Benedict Andrews

Gastregisseur
Der in Reykjavik lebende Benedict Andrews gehört mittlerweile zu einem der gefragtesten australischen Theaterregisseure seiner Generation. Sein gemeinsam mit Tom Wright adaptierter Shakespeare-Zyklus The War of the Roses mit Cate Blanchett und der Sydney Theatre Company war 2009 ein Höhepunkt auf den Festivals in Sydney und Perth. 2009 gewann die Produktion sechs Helpmann Awards, darunter die Auszeichnungen für das beste Stück und die besteTheaterregie, sowie fünf Sydney Theatre Awards für die beste Regie und die beste Mainstage-Produktion. 2011 wurde er für seine Inszenierung von Botho Strauss’ Groß und Klein mit einem weiteren Helpmann Award für die beste Regie ausgezeichnet. Cate Blanchett gewann dabei für ihre Rolle als Lotte einen Helmpann Award als beste Darstellerin. 2012 wurde Groß und Klein an den Bühnen des Théâtre de la Ville (Paris), des Barbican (London) und der Ruhrfestspiele (Recklingshausen) begeistert aufgenommen. 2013 führte Benedict Andrews Regie bei Jean Genets Die Zofen mit der Sidney Theatre Company und Cate Blanchett und Isabelle Huppert in den Hauptrollen. 2012 inszenierte er Le nozze di Figaro an der Opera Australia, anschließend folgten sein eigenes Stück Every Breath für das Belvior St Theatre, Detlev Glanerts Oper Caligula für die English National Opera, eine eigene Bearbeitung von Drei Schwestern für das Young Vic und Macbeth für das National Theatre of Iceland. Für Drei Schwestern gewann er 2012 den London Critics Circle Award für die beste Regie, Macbeth wurde im selben Jahr als beste Theaterproduktion bei den Icelandic Gríman Awards ausgezeichnet und Caligula als beste neue Opernproduktion für einen Olivier-Award nominiert. Weitere Regiearbeiten Benedict Andrews für die Sydney Theatre Company sind The City,The Season at Sarsaparilla, Julius Caesar, Far Away, Endspiel, Life is a Dream, Old Masters, Drei Schwestern, La Dispute, Mr Kolpert, Attempts on Her Life und Fireface.
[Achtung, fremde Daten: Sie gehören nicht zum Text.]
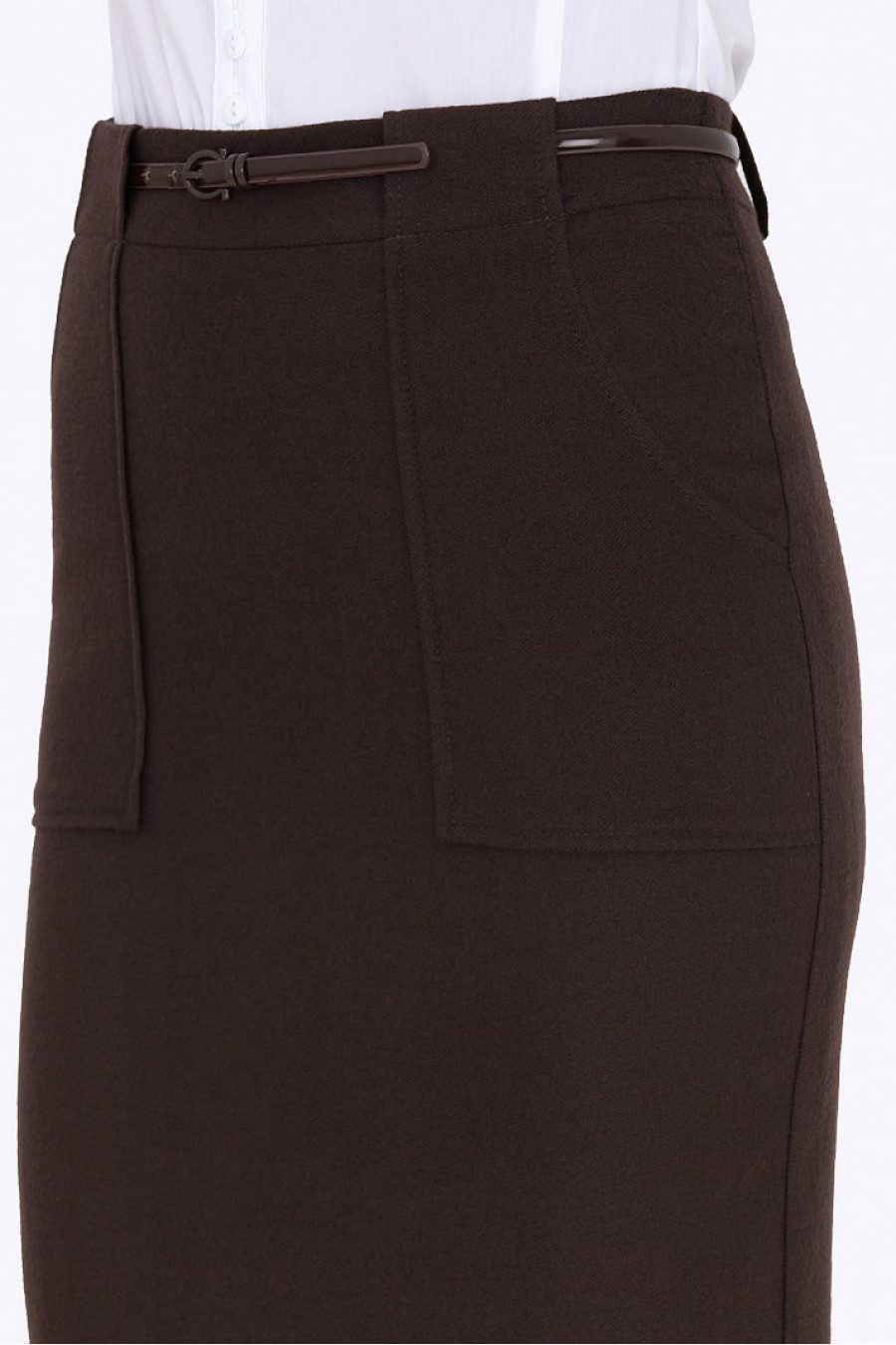 Классическая юбка на поясе. Ткань мягкая с эффектом тонкой шерсти приятного коричневого цвета. Юбка спереди оформлена крупными функциональными карманами. На поясе есть шлевки, ремешок продается отдельно. Есть подкладка из полиэстера. Отличная юбка на каждый день. Очень неприхотливая в носке, практически не мнется.
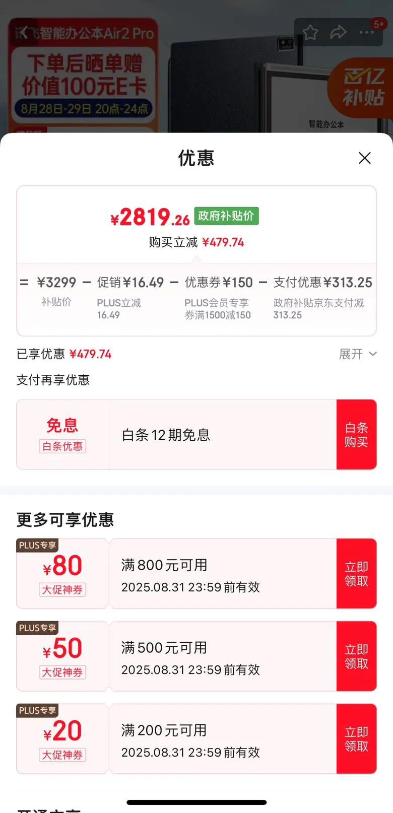 京东支付国家补贴立减313.25
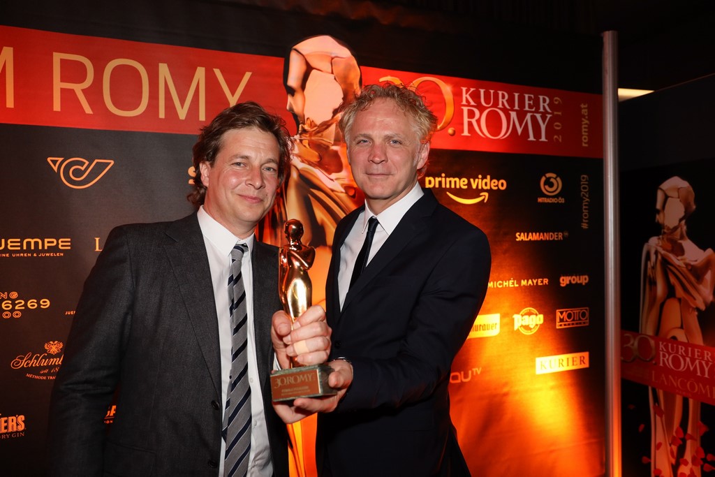Goldregen auch für „Der Pass“ von Sky: die Serie erhielt die Akademie ROMY® für „Beste TV-Serie“, Dieter sowie Jakob Pochlatko und Quirin Berg erhielten den Preis als „Beste Produzenten TV-Fiction“. „Die Arbeit im Team war ein Vergnügen“ betont Hauptdarsteller Nicholas Ofcarek in seiner Laudatio.
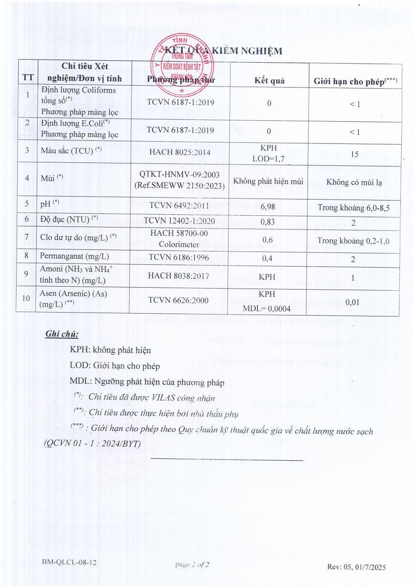 Kết quả xét nghiệm nước tháng 2-2026(hệ thống Ninh Lộc)
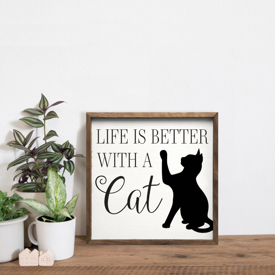 Celebrate the joy of feline companionship with this charming white wooden sign that reads, “Life is better with a Cat.” The sentiment is written in a mix of graceful script and clean block lettering, striking a perfect balance of whimsy and warmth. A sleek black silhouette of a cat sits beside the phrase, posed on its haunches with one paw lifted playfully, capturing that classic curious-cat attitude. Framed in natural wood for a cozy, rustic finish, this sign is a heartwarming addition to any cat lover’s home. Signs are made to order.

Für das Belvior inszenierte er Die Möwe, Wer hat Angst vor Virginia Woolf?, Die Stühle, Ein Sommernachtstraum, die Dreigroschenoper und Maß für Maß, das bei den Sydney Theatre Awards 2010 für die beste Regie, das beste Bühnendesign und als beste Mainstage-Produktion ausgezeichnet wurde.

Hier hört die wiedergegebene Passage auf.